マルチモーダル大規模言語モデル（MLLM）は、様々な視覚タスクにおいて人間の判断との高い一致を示すことから、「MLLM-as-a-Judge」（審判としてのMLLM）として広く採用されている。しかし、既存の審判モデルの多くは単一タスクシナリオ向けに最適化されており、信頼性のある評価に不可欠な要件である多様な文脈への汎化が困難である。この課題を解決するため、我々は複数タスクにわたって審判モデルを共同最適化し、RLの汎化能力を活用するフレームワーク「Multi-Task Reinforcement Learning for MLLM-as-a-Judge（MT-RL-Judge）」を提案する。いくつかの強力なベースラインとの比較実験により、MT-RL-Judgeが判断の一貫性と人間の選好との相関の両方において、強力なベースラインを上回ることを実証した。さらに、本手法は分布外タスクにおいても頑健な汎化性能を示し、その有効性をさらに裏付けている。

English

Multimodal Large Language Models (MLLMs) have been widely adopted as MLLM-as-a-Judges due to their strong alignment with human judgment across various visual tasks.
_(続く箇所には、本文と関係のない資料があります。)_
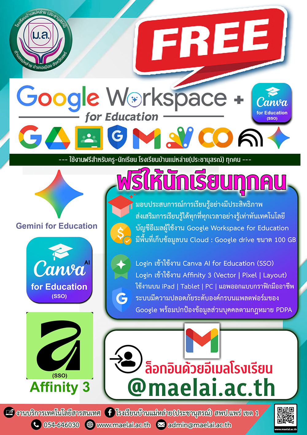 นักเรียนทุกคนจะได้รับบัญชีอีเมลผู้ใช้งาน Google Workspace for Education (ตัวอย่าง e-mail : 1234@maelai.ac.th)

However, most existing judge models are optimized for single-task scenarios and struggle to generalize to diverse contexts, which is a critical requirement for reliable evaluation. To address this limitation, we propose Multi-Task Reinforcement Learning for MLLM-as-a-Judge (MT-RL-Judge), a framework that jointly optimizes the judge model across multiple tasks, leveraging the generalization capabilities of RL. Experimental results against several strong baselines demonstrate that MT-RL-Judge outperforms strong baselines in both judgment consistency and correlation with human preferences. Furthermore, our approach exhibits robust generalization on out-of-distribution tasks, further validating its effectiveness.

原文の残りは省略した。